Giorgi Lomsadze
June 26, 2012
A bearded Orthodox priest solemnly gliding by on rollerblades is not a usual sight in Georgia. Or elsewhere, for that matter. Yet along a bridge and into Tbilisi's downtown area a priest in flowing robes did glide the other day. Granted, the Bible chronicles stranger things, but several alarmed local priests promptly appeared on the scene and ordered the holy roller to give up his sinful ways.
In fact, the coasting reverend was an actor and the miraculous sight was part of a movie project, but the real clerics declared that the scene ridiculed the Georgian Orthodox Church and demanded a halt to production. Police had to intervene between the film crew and the priests, who were backed up by seminary students. In the end, the movie-makers beat a retreat, reported the Netgazeti.ge news site.
Back in the Soviet era, parodying priests in movies was frequent and keenly encouraged by the state.
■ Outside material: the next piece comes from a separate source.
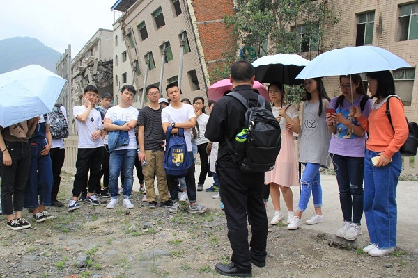 4月21日,英国威廉希尔公司工程管理专业2017级学生到北川开展地质灾害防治的工程实践活动,此次工程实践由工程管理教研室副主任刘奇欣和李朝安、庞鹏博士负责,工程管理专业学生参观了北川魏家沟泥石流灾害现场,相关专业老师结合理论知识,深入浅出的对泥石流地质灾害的监测与预警进行了讲解,同时对护坡、挡墙等防护措施进行具体说明,大家来到湔江水边,现场看到了当地采用的石笼护坡,为防止山体滑坡采用钢筋砼骨架锚杆护坡,为改变泥石流的流向与流速修建的排泄沟、导流堤、急流槽等工程。此外,负责老师还结合土木工程知识,就房屋结构、工程力学等进行了讲解。

A confrontation between a rotund, gluttonous priest and a relentless anarchist ("Jesus was slim. What made you gain weight?") is a trademark of the 1970s classic, The Adventures of Lazarus. One of the best known Georgian movies from the same period, The Wishing Tree, features a frivolous village priest with a taste for the bottle.
But those days are long gone. Now, Georgia is in the midst of a cultural war between those who push for Western-European-style secularism, and those who view the 1,675-year-old Georgian Orthodox Church as the very essence of national identity.
The Georgian Orthodox Church, widely viewed as the country's most trusted institution, has taken on the Harry Potter series, Halloween celebrations and any sacrilegious work of fiction -- a tendency that liberal critics say amounts to encroachments on freedom of expression.
The confrontation between the faithful and the liberals mostly rages online, but sometimes it spills into the streets. In comments to Netgazeti, Levan Ghlonti, the director of the film with the skating priest, essentially reiterated the point made by The Adventures of Lazarus anarchist.
Georgian priests make no bones about driving fancy SUVs, but make a big deal out of rollerblades, he said.







I'm Georgian, Student of The Spiritual Academy & Seminary in Tbilisi, and I also agree that this is a cynicism against orthodox priests, because Christ's servants in Georgia respects the nation. This is a disrespect to Christ Faith.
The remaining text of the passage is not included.